**Goal of the exercise**
Look below for the line with "Das PADS-Prompting Framework" and the line with "What’s the biggest". Copy exactly those two lines and every line between, but not the pictures.

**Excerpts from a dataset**
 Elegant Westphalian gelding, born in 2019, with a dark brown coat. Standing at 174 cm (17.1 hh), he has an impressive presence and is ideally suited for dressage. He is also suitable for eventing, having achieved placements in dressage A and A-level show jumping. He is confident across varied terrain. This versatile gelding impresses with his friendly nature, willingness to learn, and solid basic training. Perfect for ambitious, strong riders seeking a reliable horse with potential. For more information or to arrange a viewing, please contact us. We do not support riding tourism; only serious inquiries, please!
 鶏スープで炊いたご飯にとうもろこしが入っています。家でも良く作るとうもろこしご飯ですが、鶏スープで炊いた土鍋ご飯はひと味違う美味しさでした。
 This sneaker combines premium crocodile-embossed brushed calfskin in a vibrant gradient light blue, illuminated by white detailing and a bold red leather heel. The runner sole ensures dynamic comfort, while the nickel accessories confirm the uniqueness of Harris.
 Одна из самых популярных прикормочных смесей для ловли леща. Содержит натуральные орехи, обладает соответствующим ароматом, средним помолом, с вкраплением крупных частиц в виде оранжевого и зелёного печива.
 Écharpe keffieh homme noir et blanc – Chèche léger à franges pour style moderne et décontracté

...

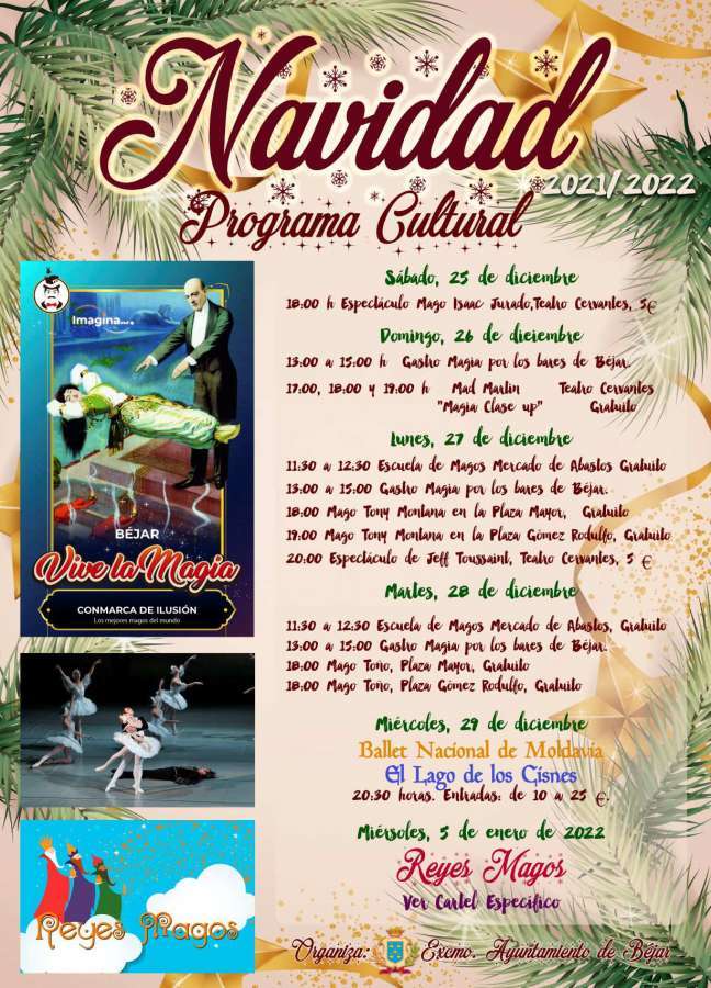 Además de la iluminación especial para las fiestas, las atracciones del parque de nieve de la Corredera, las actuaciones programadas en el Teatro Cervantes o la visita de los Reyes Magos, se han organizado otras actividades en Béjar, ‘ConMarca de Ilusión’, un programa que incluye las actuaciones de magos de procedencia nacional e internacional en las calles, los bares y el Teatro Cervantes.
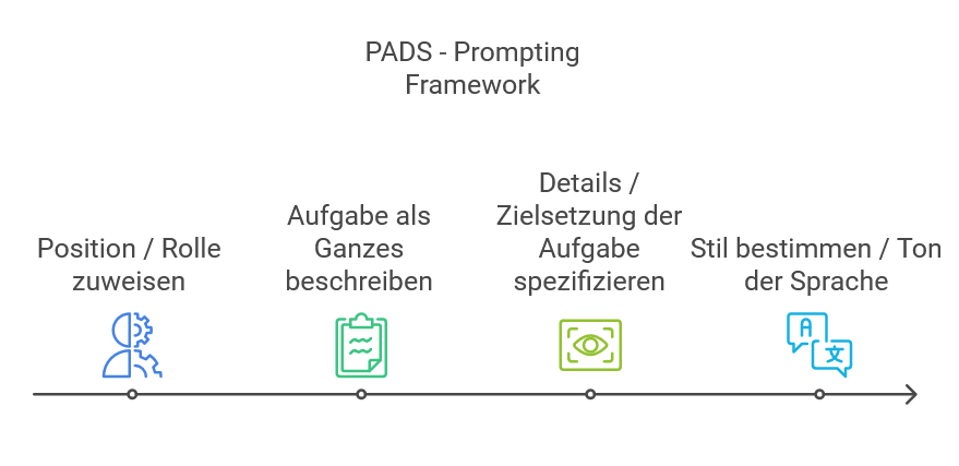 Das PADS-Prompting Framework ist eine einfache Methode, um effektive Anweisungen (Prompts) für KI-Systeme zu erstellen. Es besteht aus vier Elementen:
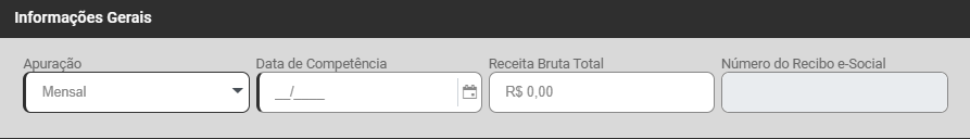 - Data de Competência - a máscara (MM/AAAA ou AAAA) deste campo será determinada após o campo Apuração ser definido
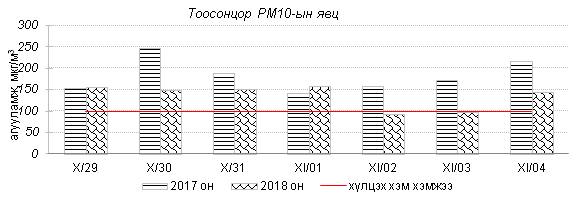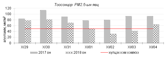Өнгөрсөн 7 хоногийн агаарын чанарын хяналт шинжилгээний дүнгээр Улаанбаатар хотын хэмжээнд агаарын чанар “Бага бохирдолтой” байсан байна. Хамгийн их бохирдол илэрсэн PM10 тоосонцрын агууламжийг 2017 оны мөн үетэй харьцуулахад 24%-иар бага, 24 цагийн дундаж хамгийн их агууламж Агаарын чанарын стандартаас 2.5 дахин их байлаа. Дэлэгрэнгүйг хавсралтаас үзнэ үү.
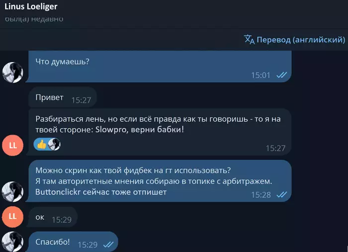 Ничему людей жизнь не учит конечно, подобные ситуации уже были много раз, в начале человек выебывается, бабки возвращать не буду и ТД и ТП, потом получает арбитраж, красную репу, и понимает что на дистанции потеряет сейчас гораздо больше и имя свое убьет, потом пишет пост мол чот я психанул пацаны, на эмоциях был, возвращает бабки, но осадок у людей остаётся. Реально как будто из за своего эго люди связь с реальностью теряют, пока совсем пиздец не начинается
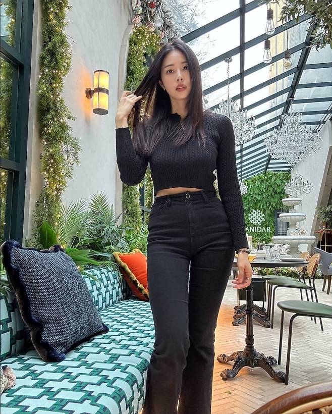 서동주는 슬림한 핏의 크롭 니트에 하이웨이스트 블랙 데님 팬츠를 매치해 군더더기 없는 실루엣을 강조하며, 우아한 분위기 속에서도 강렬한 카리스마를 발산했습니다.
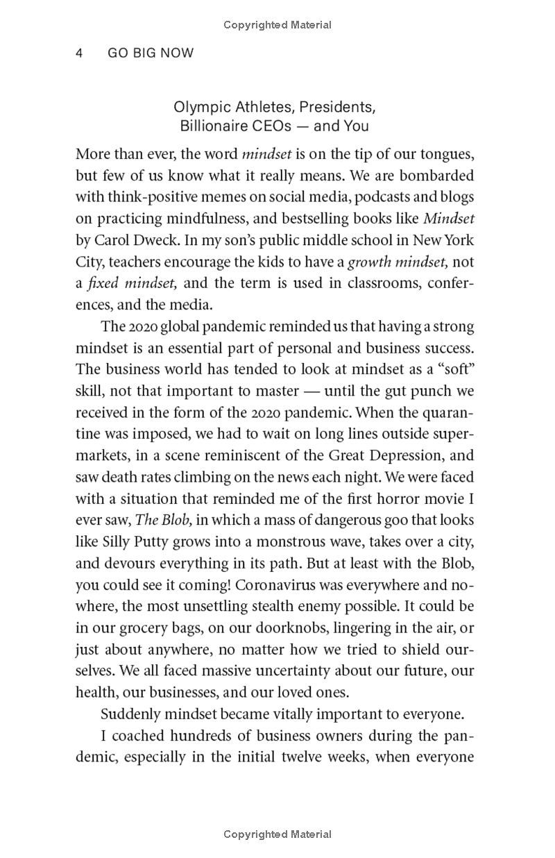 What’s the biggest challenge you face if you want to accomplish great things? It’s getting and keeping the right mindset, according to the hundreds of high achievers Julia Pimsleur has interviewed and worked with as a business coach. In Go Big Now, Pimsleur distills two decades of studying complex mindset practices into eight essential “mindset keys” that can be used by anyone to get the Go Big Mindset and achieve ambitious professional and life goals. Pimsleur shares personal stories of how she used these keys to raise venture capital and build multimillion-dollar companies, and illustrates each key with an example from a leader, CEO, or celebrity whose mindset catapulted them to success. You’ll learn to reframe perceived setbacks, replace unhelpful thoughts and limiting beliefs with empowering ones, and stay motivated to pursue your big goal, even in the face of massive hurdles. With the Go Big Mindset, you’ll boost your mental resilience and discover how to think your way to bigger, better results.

**Task response**
 Das PADS-Prompting Framework ist eine einfache Methode, um effektive Anweisungen (Prompts) für KI-Systeme zu erstellen. Es besteht aus vier Elementen:
 - Data de Competência - a máscara (MM/AAAA ou AAAA) deste campo será determinada após o campo Apuração ser definido
Өнгөрсөн 7 хоногийн агаарын чанарын хяналт шинжилгээний дүнгээр Улаанбаатар хотын хэмжээнд агаарын чанар “Бага бохирдолтой” байсан байна. Хамгийн их бохирдол илэрсэн PM10 тоосонцрын агууламжийг 2017 оны мөн үетэй харьцуулахад 24%-иар бага, 24 цагийн дундаж хамгийн их агууламж Агаарын чанарын стандартаас 2.5 дахин их байлаа. Дэлэгрэнгүйг хавсралтаас үзнэ үү.
 Ничему людей жизнь не учит конечно, подобные ситуации уже были много раз, в начале человек выебывается, бабки возвращать не буду и ТД и ТП, потом получает арбитраж, красную репу, и понимает что на дистанции потеряет сейчас гораздо больше и имя свое убьет, потом пишет пост мол чот я психанул пацаны, на эмоциях был, возвращает бабки, но осадок у людей остаётся. Реально как будто из за своего эго люди связь с реальностью теряют, пока совсем пиздец не начинается
 서동주는 슬림한 핏의 크롭 니트에 하이웨이스트 블랙 데님 팬츠를 매치해 군더더기 없는 실루엣을 강조하며, 우아한 분위기 속에서도 강렬한 카리스마를 발산했습니다.
 What’s the biggest challenge you face if you want to accomplish great things? It’s getting and keeping the right mindset, according to the hundreds of high achievers Julia Pimsleur has interviewed and worked with as a business coach. In Go Big Now, Pimsleur distills two decades of studying complex mindset practices into eight essential “mindset keys” that can be used by anyone to get the Go Big Mindset and achieve ambitious professional and life goals. Pimsleur shares personal stories of how she used these keys to raise venture capital and build multimillion-dollar companies, and illustrates each key with an example from a leader, CEO, or celebrity whose mindset catapulted them to success. You’ll learn to reframe perceived setbacks, replace unhelpful thoughts and limiting beliefs with empowering ones, and stay motivated to pursue your big goal, even in the face of massive hurdles. With the Go Big Mindset, you’ll boost your mental resilience and discover how to think your way to bigger, better results.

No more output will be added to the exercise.